Pero seguramente si alguien le recordara estos pequeños detalles al general-presidente, él podría pensar –como lord Keynes– que en el largo plazo todos estaremos muertos, particularmente si tenemos en cuenta que Raúl Castro no es un boy scout abriéndose paso en la vida sino un enérgico anciano que transita su octava década de existencia. Y por ello se podría sospechar que los nuevos dirigentes de la sucesión posfidelista estarían haciendo la mala política, justamente aquella que minimiza las oportunidades e incrementa las desventajas. Oportunidades perdidas que, como las palabras pronunciadas, según el proverbio chino, nunca regresan.

¿Cambiando lo imprescindible para que todo siga igual?

Con un escenario interno y externo coyunturalmente favorable, sin oposición ni presiones sociales significativas, con el problema de la unidad resuelto, la elite política ha podido colocar en el centro de su agenda el objetivo al que toda elite aspira: la conservación de su entramado de poder y su propia reproducción como actor sociopolítico.

Tras cinco décadas en el poder, la elite política producida por la revolución tiene poco que ver con los orígenes ideológicos u organizativos de sus integrantes. Una parte considerable de los dirigentes que fundaron el PCC ya no está en pie (en sentido literal) y es frecuente ver sus nombres estampados en los parcos obituarios del periódico Granma. En cambio, muchos de los actuales dirigentes eran niños o ni siquiera habían nacido cuando Fidel Castro inflamó los corazones de los cubanos con su entrada triunfal en La Habana.

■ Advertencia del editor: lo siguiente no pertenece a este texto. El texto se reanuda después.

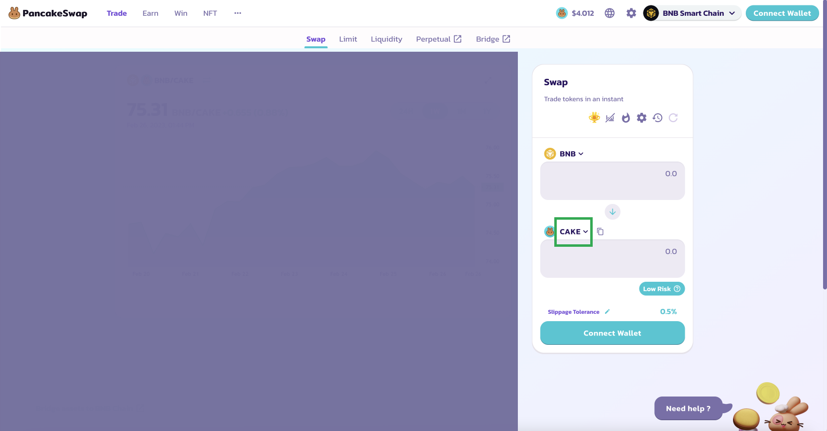 <figure><img src="https://2712062183-files.gitbook.io/~/files/v0/b/gitbook-x-prod.appspot.com/o/spaces%2FARiB5soCxfxe9GR2V5h2%2Fuploads%2F1y0ONGSk0bAv0QGUqCmC%2FGroup%20297.png?alt=media&#x26;token=b4b23c2c-1b17-4fce-9717-cd1fcd839c5c" alt=""><figcaption><p>Click on "CAKE"</p></figcaption></figure>
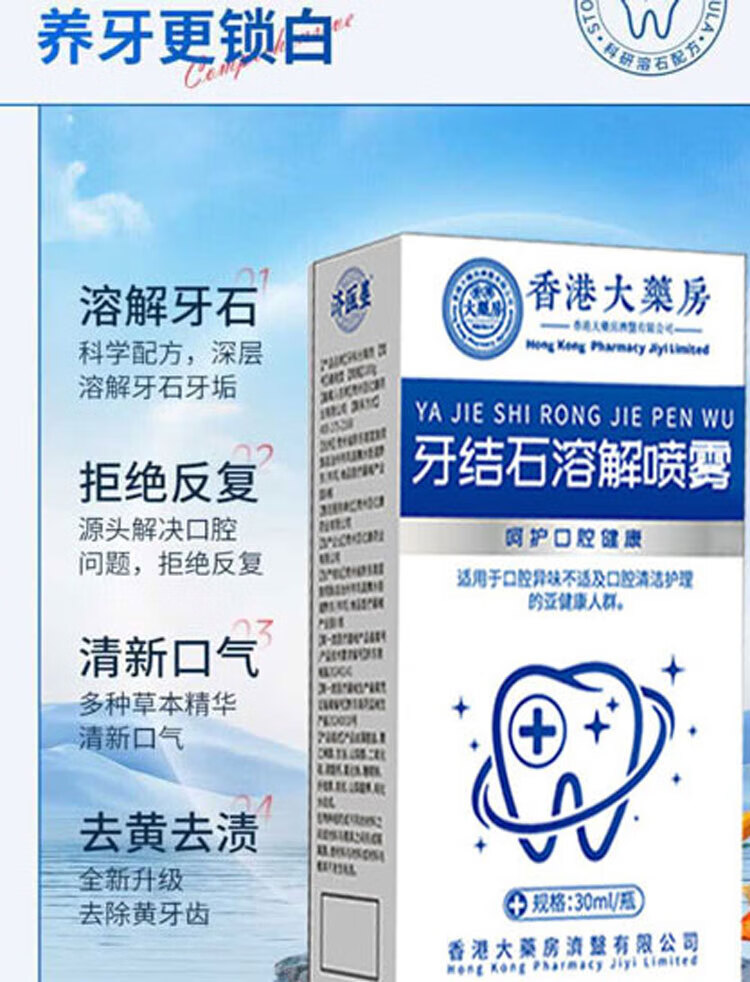 Hong Kong Pharmacy Dental Calculus Dissolving Liquid Teeth Cleaning and Yellowing Calculus Remover Tartar Calculus Removal Powerful Mouthwash 1 Bottle Quickly Improves Tartar

Por otra parte, en un sistema político cerrado es muy difícil distinguir fracciones y tendencias, toda vez que existe un solo discurso con pocas variantes y una mala prensa que lo recoge. A partir de la escasa información empírica disponible, podríamos identificar tres sectores en la elite política:

– El primero, y sin lugar a dudas el dominante, es el que reúne a la mayoría de las figuras históricas que aún quedan, y que tiene a las Fuerzas Armadas como principal soporte institucional. Es partidario de una apertura económica con total control político, pero es previsible que pueda aceptar cierto grado de pragmatismo. Su figura clave es el propio Raúl Castro.

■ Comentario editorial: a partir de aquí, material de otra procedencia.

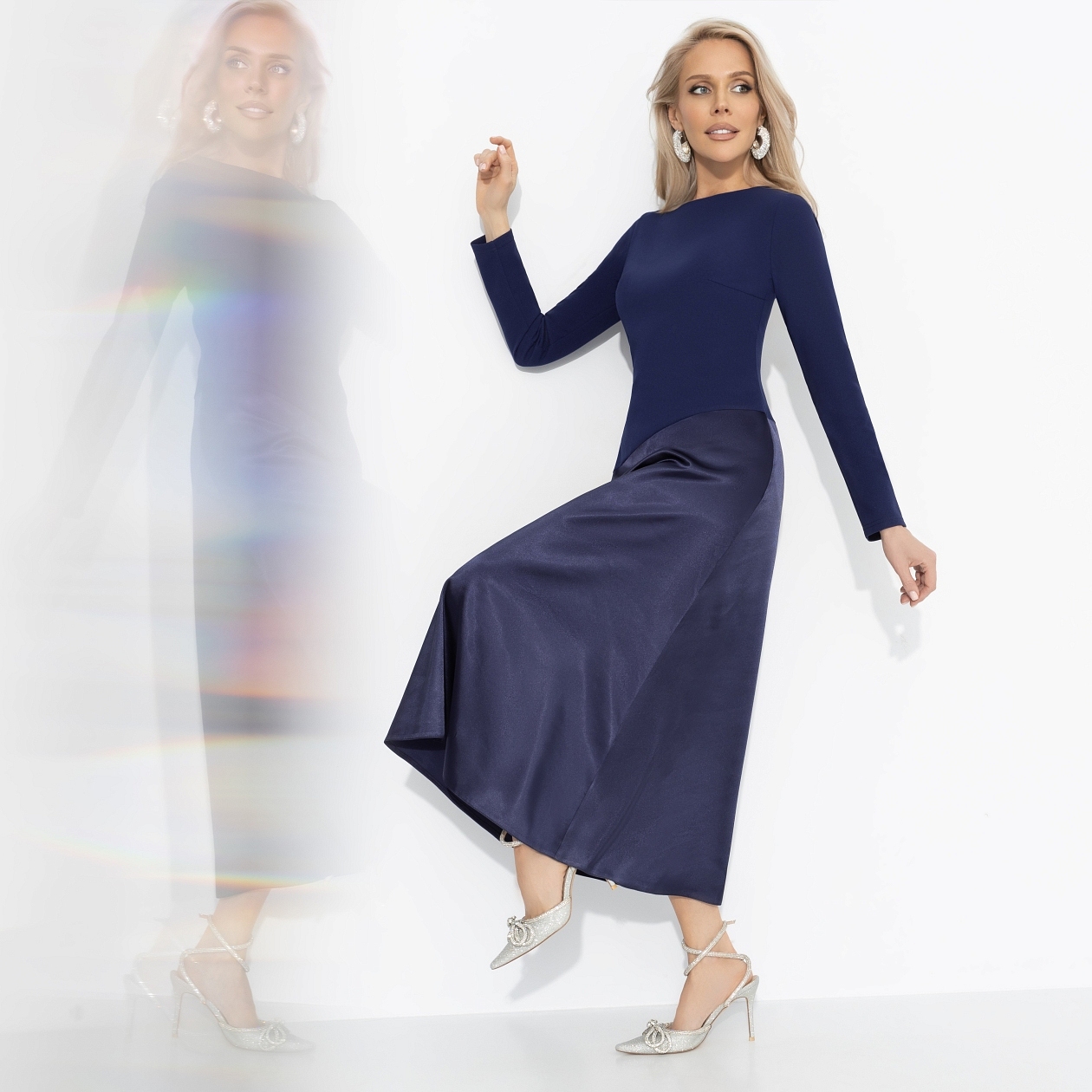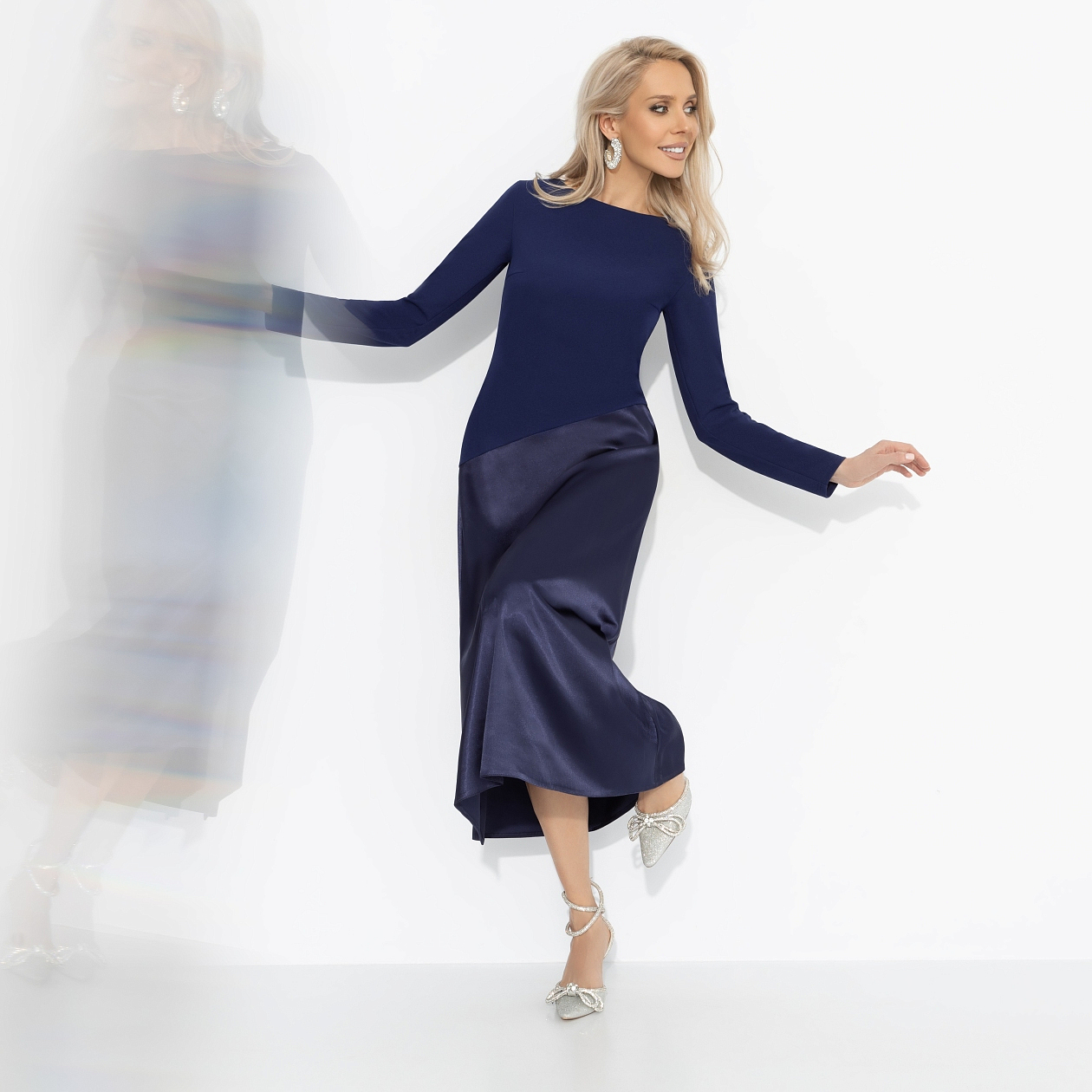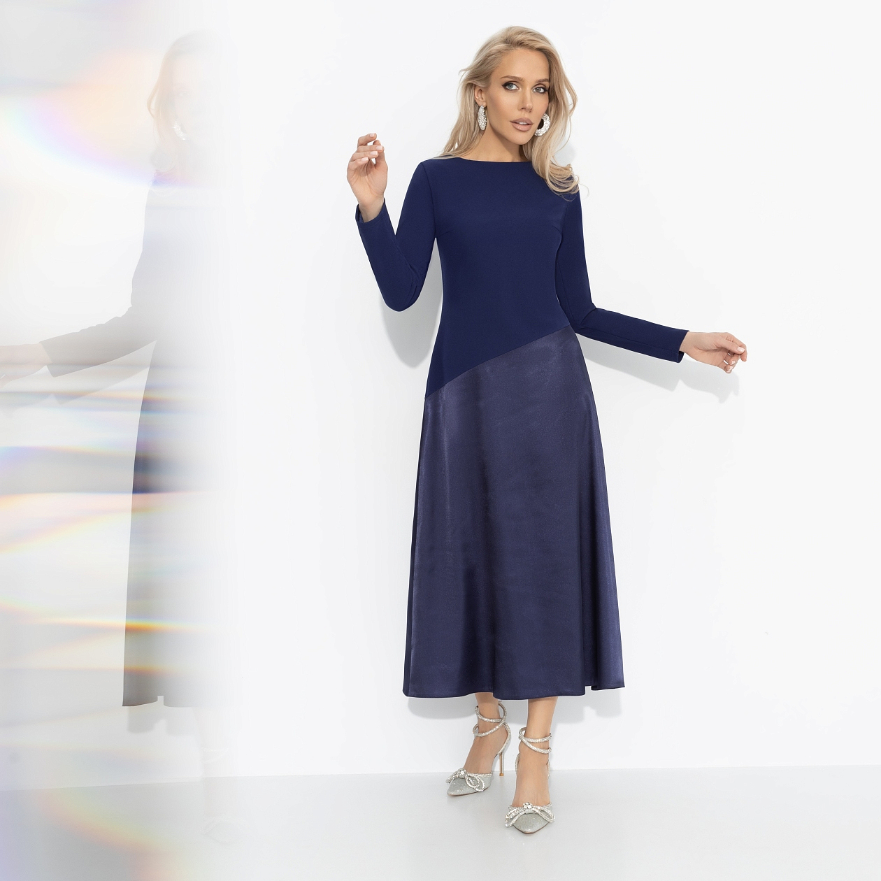 Бархатное небо Петербурга озаряют фейерверки, а каждый миг кажется волшебным. Глубокий синий цвет твоего нового платья идеально отражает атмосферу праздничных огней, ожидания новых встреч и исполнения желаний. Асимметричная линия, сияние ткани, идеальная длина для комбинации с любой верхней одеждой. В таком образе хочется не спать до рассвета и загадывать самые смелые мечты.

– El segundo sector, más aperturista, está integrado por políticos más jóvenes que podrían coquetear con una mayor flexibilización política y que mantienen los contactos latinoamericanos, en particular con Venezuela. Este sector tendría mayor arraigo en las instituciones económicas estatales y en los mandos provinciales. La figura clave es el vicepresidente Carlos Lage, aunque también se ubicaría aquí al poco elegante canciller Felipe Pérez Roque y al ministro de Cultura y miembro del Buró Político del PCC Abel Prieto.

– El tercer sector, más conservador, se inclinaría por una reforma económica acotada por una visión muy dogmática de la política. Su principal figura es el vicepresidente José Ramón Machado Ventura, cuyos cotos privilegiados radican en el aparato del PCC.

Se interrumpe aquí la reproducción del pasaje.